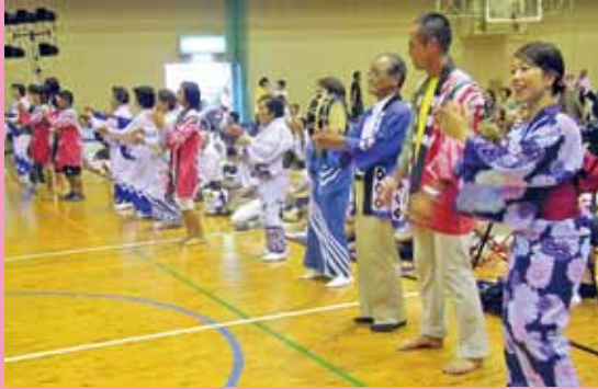
▲早町・白水の八月踊り
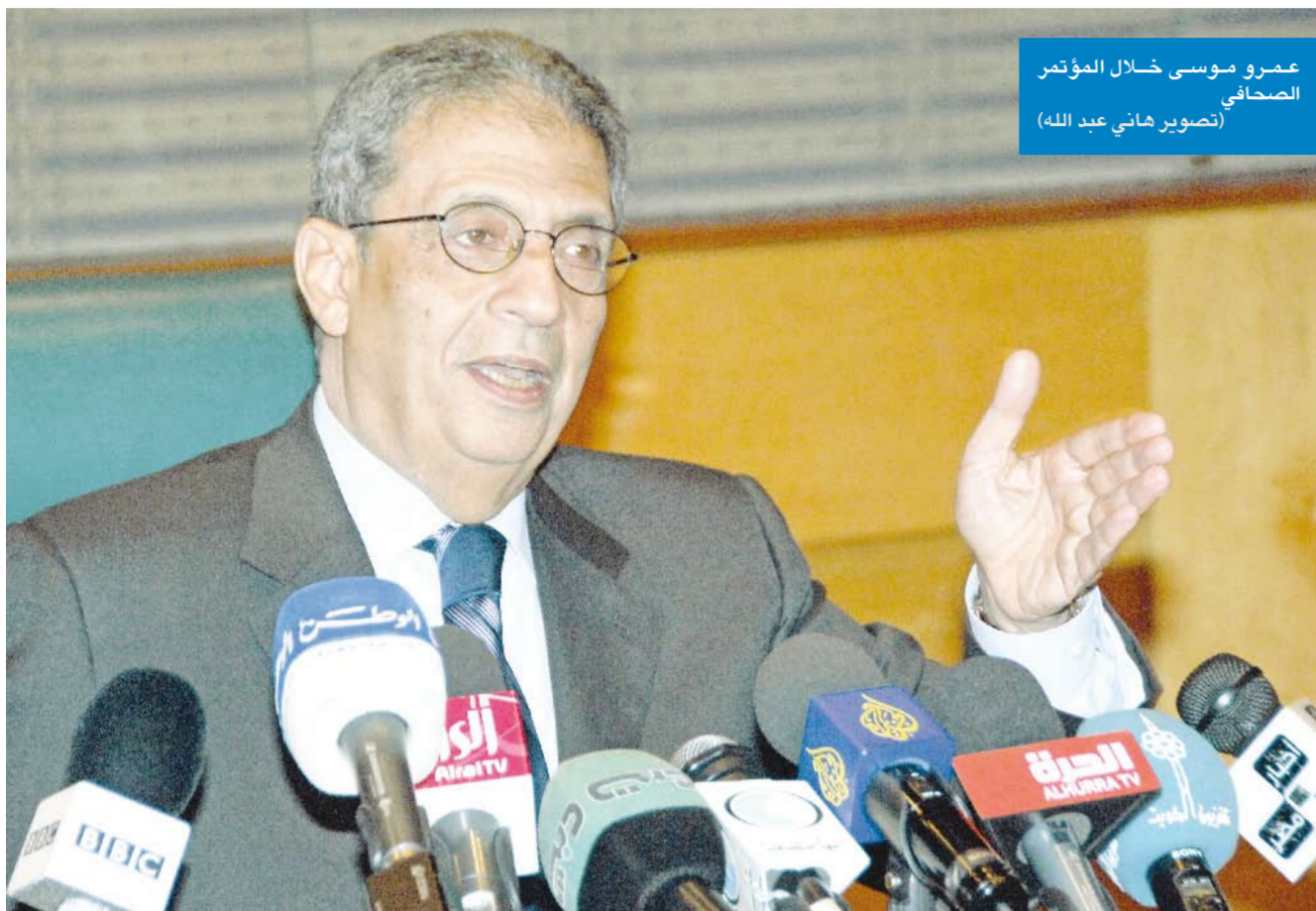
عمرو موسى خلال المؤتمر الصحفي

المصارف ورجال الأعمال والغرف التجارية العربية لتساهم في تصور التوصل إلى قمة اقتصادية تنموية ناجحة، مشيراً إلى أنه تمت مناقشة الإطار الزمني الذي من المرجح أن يكون أواخر العام الجاري أو بداية العام المقبل، معرباً عن أمله أن يحظى هذا المؤتمر بتنظيم جيد خصوصاً مع لجنة أعداد وتحضير في الكويت يقابلها لجنة من الجامعة العربية.
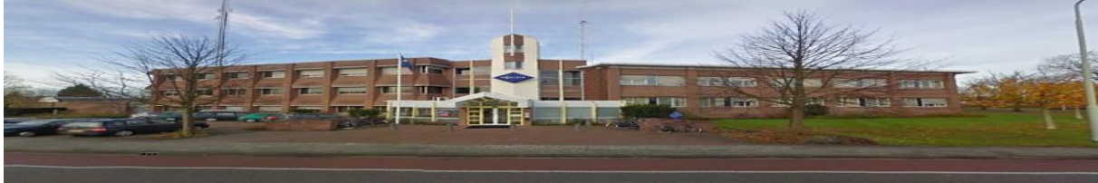
Gemeente Ten Boer
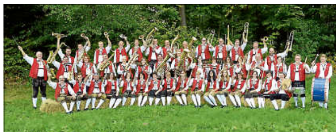
Trachtenkapelle Altburg e.V.
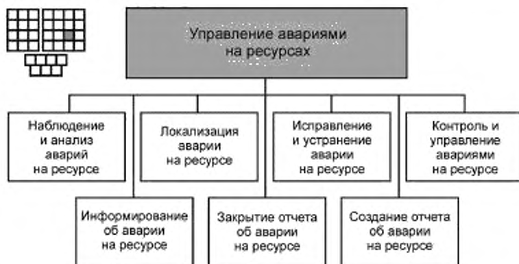
Рисунок 3 — Декомпозиция процесса 1.1.3.3 — «Управление авариями на ресурсах» на элементы процессов уровня 3

Примечание — К авариям на ресурсах относятся неисправности, нарушения в работе ресурсов и случаи деградации параметров работы ресурсов, связанные с отказами ресурсов.
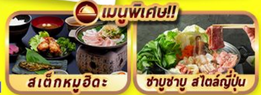
เมนูพิเศษ!! สเด็กหมูฮิดะ ซาซุซาบู สโตล์ญี่ปุ่น
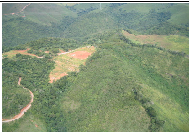
FOTO 208 – Mineração de fluorita na região de Volta Grande em Cerro Azul – Aproveitamento Tijuco Alto
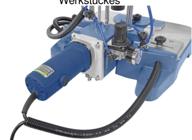
Starker Antriebsmotor zum Fräsen von Keilnuten mit Schwalbengröße W-1, W-2 und W-3
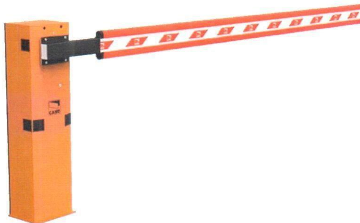
Рис. 3 Внешний вид шлагбаума

1.4. Внешний вид шлагбаума: Стойка шлагбаума снабжена светоотражающей арматурой для видимости в темное время суток. Яркая раскраска шлагбаума делает его заметным для пешеходов.
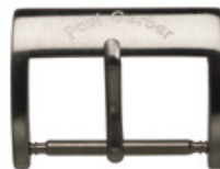
3020 INOX satiné photochimique
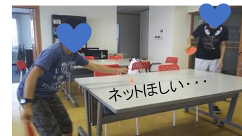
西台教室では人気の卓球♪
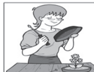
FURE OS PRATOS DOS VASOS DE PLANTAS
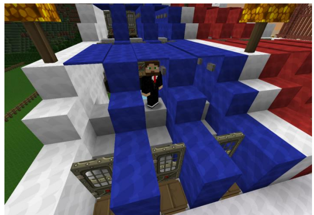
Nightcrall im Hindernisparcour
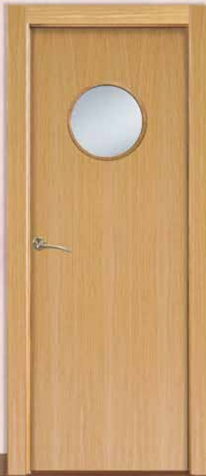
Md. L-1000 ojo de buey
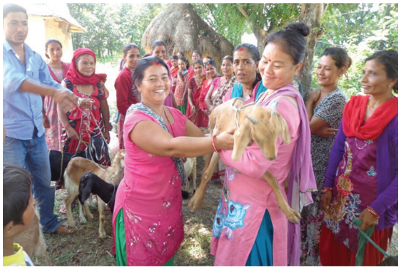
Members in Passing on Goat as Gift to other member
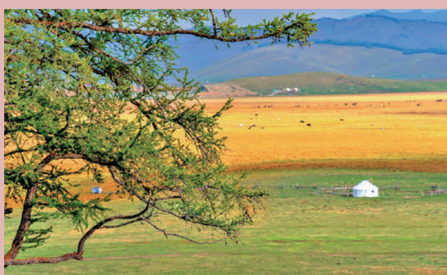
▲托勒海特大草原位於阿勒泰市阿拉哈克鎮，風光秀麗。

去，小河流過木橋，平緩舒暢。河心排列的卵石清潔而美麗。天空的雲霞向西流逝，拖出長長的、激動的流蘇。此刻的天空是飛翔的天空，整面天空都向西傾斜着。東面的大山金碧輝煌；抑或《木耳》裏的森林：「最綠的綠，是陰影的綠。陰影冰冷地沉在大地上，四處是濃厚濃黏的苔蘚，苔蘚下是一層又一層的、鋪積了千百萬年的落葉。走在森林裏，像是懸空走在森林裏一般，每一步踩下去，腳心都清晰地感觸着細膩而深邃的彈性。大地忽閃忽閃、動盪不已。於是走在森林裏，又像是掙扎在森林裏……」；還有《在荒野中睡覺》裏的雲：「沒有風的天空，有時會同時停泊着兩種不同的雲。一種如霧氣一般，又輕又薄，寬寬廣廣地籠罩住大半个天空，使天空明亮的湛藍成為柔和的粉藍。這種雲的位置較高一些。還有一種，要低許多，低得快要掉下來似的。這種雲是我們常見的一團一團的那種，似乎有着很瓷實的質地，還有着耀眼的白——真的，沒有一種白能夠像雲的白那樣白，耀眼
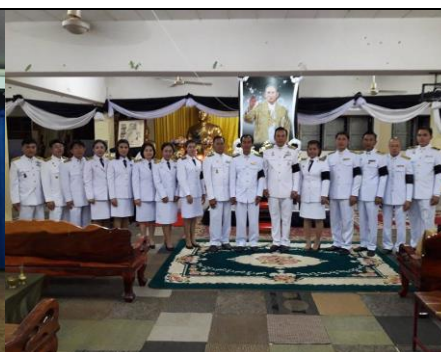
โครงการเทิดทูนพระมหากษัตริย์ พ่อหลวง
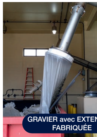
GRAVIER avec EXTENSION FABRIQUÉE

Paxxo propose la fabrication de modernisation de l'évacuation personnalisée pour permettre le montage des adaptateurs Longopac Fill 1H & 2V sur la plupart des tuyaux d'évacuation sur les équipements déjà installés sur site. En outre, nous proposons désormais une solution à double fonction qui assure à la fois la protection contre les rayons UV et le vent. Ce produit contribue à empêcher que le vent n'enlève le sac de la cassette. Il est livré avec le matériel nécessaire pour le fixer sur l'évacuation existante.
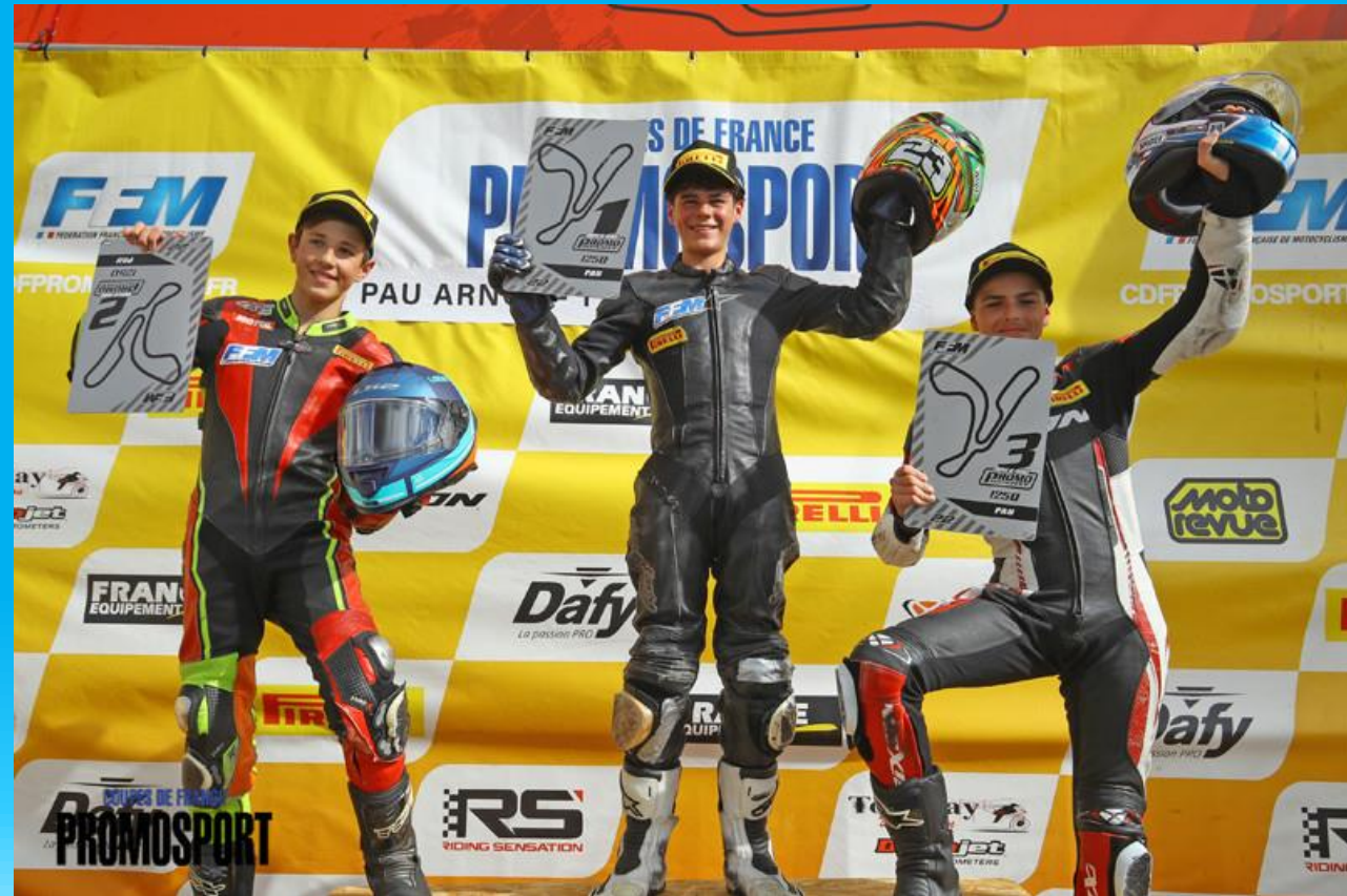
Ma 1 ère victoire sur le circuit de Pau Arnos

Je suis prêt pour cette nouvelle saison! J'ai appris de mes erreurs et mes expériences m'ont aidé à grandir! Je m'entraîne dur pour réussir parce qu'on m'a toujours appris que le talent c'est d'abord et surtout beaucoup de travail !!
▬▬▬▬▬▬▬▬▬▬
> _EXERCISE INSTRUCTIONS_
Exercise for the records above: copy only the lines from the one with "المصارف ورجال الأعمال" to the one with "GRAVIER avec EXTENSION FABRIQUÉE", both ends kept, and drop the pictures.

> _YOUR RESPONSE_
المصارف ورجال الأعمال والغرف التجارية العربية لتساهم في تصور التوصل إلى قمة اقتصادية تنموية ناجحة، مشيراً إلى أنه تمت مناقشة الإطار الزمني الذي من المرجح أن يكون أواخر العام الجاري أو بداية العام المقبل، معرباً عن أمله أن يحظى هذا المؤتمر بتنظيم جيد خصوصاً مع لجنة أعداد وتحضير في الكويت يقابلها لجنة من الجامعة العربية.
Gemeente Ten Boer
Trachtenkapelle Altburg e.V.
Рисунок 3 — Декомпозиция процесса 1.1.3.3 — «Управление авариями на ресурсах» на элементы процессов уровня 3

Примечание — К авариям на ресурсах относятся неисправности, нарушения в работе ресурсов и случаи деградации параметров работы ресурсов, связанные с отказами ресурсов.
เมนูพิเศษ!! สเด็กหมูฮิดะ ซาซุซาบู สโตล์ญี่ปุ่น
FOTO 208 – Mineração de fluorita na região de Volta Grande em Cerro Azul – Aproveitamento Tijuco Alto
Starker Antriebsmotor zum Fräsen von Keilnuten mit Schwalbengröße W-1, W-2 und W-3
Рис. 3 Внешний вид шлагбаума

1.4. Внешний вид шлагбаума: Стойка шлагбаума снабжена светоотражающей арматурой для видимости в темное время суток. Яркая раскраска шлагбаума делает его заметным для пешеходов.
3020 INOX satiné photochimique
西台教室では人気の卓球♪
FURE OS PRATOS DOS VASOS DE PLANTAS
Nightcrall im Hindernisparcour
Md. L-1000 ojo de buey
Members in Passing on Goat as Gift to other member
▲托勒海特大草原位於阿勒泰市阿拉哈克鎮，風光秀麗。

去，小河流過木橋，平緩舒暢。河心排列的卵石清潔而美麗。天空的雲霞向西流逝，拖出長長的、激動的流蘇。此刻的天空是飛翔的天空，整面天空都向西傾斜着。東面的大山金碧輝煌；抑或《木耳》裏的森林：「最綠的綠，是陰影的綠。陰影冰冷地沉在大地上，四處是濃厚濃黏的苔蘚，苔蘚下是一層又一層的、鋪積了千百萬年的落葉。走在森林裏，像是懸空走在森林裏一般，每一步踩下去，腳心都清晰地感觸着細膩而深邃的彈性。大地忽閃忽閃、動盪不已。於是走在森林裏，又像是掙扎在森林裏……」；還有《在荒野中睡覺》裏的雲：「沒有風的天空，有時會同時停泊着兩種不同的雲。一種如霧氣一般，又輕又薄，寬寬廣廣地籠罩住大半个天空，使天空明亮的湛藍成為柔和的粉藍。這種雲的位置較高一些。還有一種，要低許多，低得快要掉下來似的。這種雲是我們常見的一團一團的那種，似乎有着很瓷實的質地，還有着耀眼的白——真的，沒有一種白能夠像雲的白那樣白，耀眼
โครงการเทิดทูนพระมหากษัตริย์ พ่อหลวง
GRAVIER avec EXTENSION FABRIQUÉE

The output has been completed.